2. The official statistics regarding poverty, unemployment and social exclusion are all on the rise. Social inequalities are increasing. Job insecurity is worsening. Wages become stagnant and in reality they are devalued. democratic rights are being eliminated. National and popular sovereignty is being reduced. The gap between the EU leadership and the peoples, who are being socially and financially destroyed, is widening. In today’s European Union there is nothing left to remind the legacy of the European enlightenment, the welfare state, the social protection, the liberal democracy, the friendship and cooperation among the peoples. Working classes and European nations have nothing to lose, instead they have already lost a lot and they will lose even more if they keep on following the catastrophic one-way path of EU.
3. The permanent policies of the European Union are those of a tough and rigid neoliberalism: privatizations, austerity, financial deregulation, attack against workforce, support on the capital, corporate subsidies, shrinkage of the public sector and reduced provision of social services. These policies are at the core of EU and they cannot be reformed. They are imposed either with or without social consensus: through financial blackmail and the constant threat of default. There is not anymore such thing as the democratic pretext of voluntary consent of the national parliaments. Under the pretext of sustainability of banks and continuing to be part of the eurozone, the leadership of EU is blackmailing the peoples of Europe in order to keep them at the slaughterhouse of European Integration.

4. Along with social inequalities, inequality between nations continues to increase. Powerful and weak states, states that blackmail others and states that are being blackmailed, define the image of modern-day Europe. Popular sovereignty is eradicated and national sovereignty is undermined by the supranational capital. The goal of maintaining competition leads to an extermination procedure for the weaker nations and convergence gives its place to divergence. E.U. has all the traits of an imperialistic union: contrasts and competition, social and national repression, the survival of the strongest being enforced using modern financial means, the EU’s stringent regulations, the Brussels bureaucracy, as well as the European Central Bank, which is independent of either governments or parliaments.

5. The euro is the most essential tool for the subordination of the states and peoples of Europe. It is by nature a neoliberal currency, as it is based on the hard-core neoliberal provisions of the Stability and Growth Pact. As the recent public debt crisis has shown, especially for the peripheral states of the Union, membership of the Eurozone equals the complete cession of all financial policy tools to the bureaucracy in Brussels and to the dictatorship of the banks. The euro is thus more than a currency. It is the institutional entrenchment of hard-core neoliberalism in the member-states of the Eurozone. Staying in the Eurozone prolongs social dead-ends, increases the national inequalities and equals the destruction of the working class.
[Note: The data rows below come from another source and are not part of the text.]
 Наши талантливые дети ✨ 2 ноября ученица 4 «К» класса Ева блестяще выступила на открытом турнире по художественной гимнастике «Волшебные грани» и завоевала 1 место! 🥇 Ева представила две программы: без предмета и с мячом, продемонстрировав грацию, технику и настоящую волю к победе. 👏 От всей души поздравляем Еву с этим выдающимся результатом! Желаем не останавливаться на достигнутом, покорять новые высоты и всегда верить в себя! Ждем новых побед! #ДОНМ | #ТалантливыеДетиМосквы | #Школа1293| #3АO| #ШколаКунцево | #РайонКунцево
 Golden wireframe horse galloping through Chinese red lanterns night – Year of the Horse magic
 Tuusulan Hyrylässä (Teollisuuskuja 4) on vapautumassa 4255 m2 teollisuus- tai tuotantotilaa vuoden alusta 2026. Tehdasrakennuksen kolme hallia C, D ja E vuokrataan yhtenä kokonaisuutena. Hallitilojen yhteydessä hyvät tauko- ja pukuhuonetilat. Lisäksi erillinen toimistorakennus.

6. The absence of an alternative forms the central dogma of the European Union. Social-democratic and labour parties early on accepted the neoliberal hegemony, introducing policies essentially identical to those of conservative, right-wing and Christian-democratic parties. The participation of the communist and radical Left in such governments proved disastrous for the popular classes, while at the same time blurring the historic divide between the Left and the Right. The EU framework never allowed for any policy shifts benefiting the popular classes. At the same time, the support for both the EU and the euro from the part of the vast majority of radical and communist left parties cleared the way for the rise of the far-right and of populist and fascist-leaning parties, who have tried to masquerade themselves as supposed champions of national independence and dignity against the social and economic destruction brought on by the EU. Those parties are also those that appear most Eurosceptic and critical towards European integration. This can explain their dramatic rise in the past few years.
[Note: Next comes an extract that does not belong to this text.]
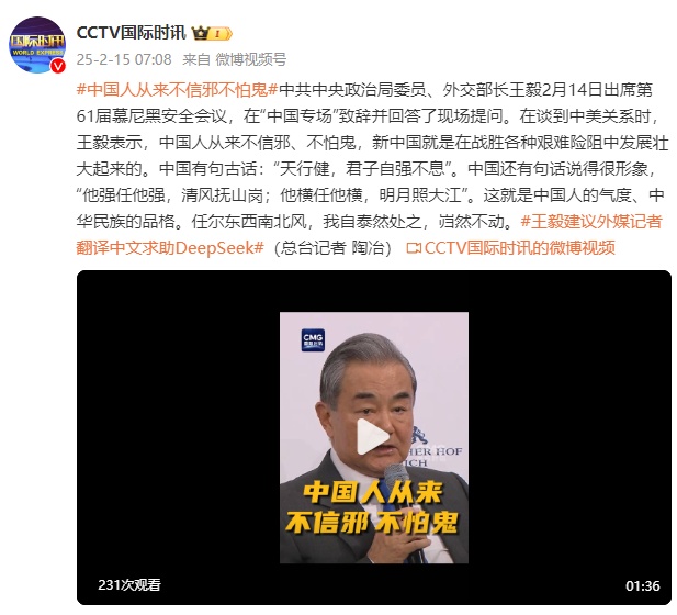 中共中央政治局委员、外交部长王毅2月14日出席第61届慕尼黑安全会议,在“中国专场”致辞并回答了现场提问。在谈到中美关系时,王毅表示,中国人从来不信邪、不怕鬼,新中国就是在战胜各种艰难险阻中发展壮大起来的。中国有句古话:“天行健,君子自强不息”。中国还有句话说得很形象,“他强任他强,清风抚山岗;他横任他横,明月照大江”。这就是中国人的气度、中华民族的品格。任尔东西南北风,我自泰然处之,岿然不动。

7. The non-negotiable European policy of austerity, financial constriction, primacy of the market and of capitalist interests has been clearly demonstrated in the case of the new Greek government. Despite its statements for moving Greece (and the whole of Europe) to the left, and despite being elected on an anti-austerity and anti-Memoranda platform of ending austerity and putting an end to the “Memoranda” policies, the SYRIZA government tried to compromise with the EU. It accepted the core principles of the Troika austerity program with privatizations, social security cuts, wage cuts, increases of indirect taxes that hit the poorest classes. It accepted fiscal budget surpluses that aggravate economic depression and deepen austerity. The Greek government entangled in its myth about progressive solutions within the EU failed to challenge its framework, did not fight for the exit and disengagement of Greece from the EU and condemned Greece to follow neoliberal policies. However, even this ameliorated version of the Troika austerity program was unacceptable for the EU. The simmering popular discontent against these capitulations obliged the SYRIZA government to break the negotiations and call for a referendum against the Troika proposals. The referendum presents a very important opportunity for a massive vote of NO, not only to the creditors proposals but also to the Euro and EU and send a message of hope and struggle all over Europe.
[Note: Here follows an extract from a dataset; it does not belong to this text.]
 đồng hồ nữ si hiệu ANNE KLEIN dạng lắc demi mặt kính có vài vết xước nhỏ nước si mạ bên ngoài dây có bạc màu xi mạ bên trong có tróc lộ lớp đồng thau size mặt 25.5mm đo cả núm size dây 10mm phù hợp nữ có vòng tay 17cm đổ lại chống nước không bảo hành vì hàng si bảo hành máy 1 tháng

8. We need a program in behalf of the rights of nations, people and the working classes:

I. Exit from the eurozone, enforcement of barriers on capital flows, price control policy.

II. Radical redistribution of income and wealth, in favor of the working classes, peasants, and middle classes and against big capital.

III. Economical social planning by the state, productive reconstruction, nationalization of banks and of strategic enterprises. Improvement of public health, social security, public service, natural environment

IV. Recuperation of popular and social sovereignty. Abolition of every regulation, institution and law that removes from the people the possibility to decide.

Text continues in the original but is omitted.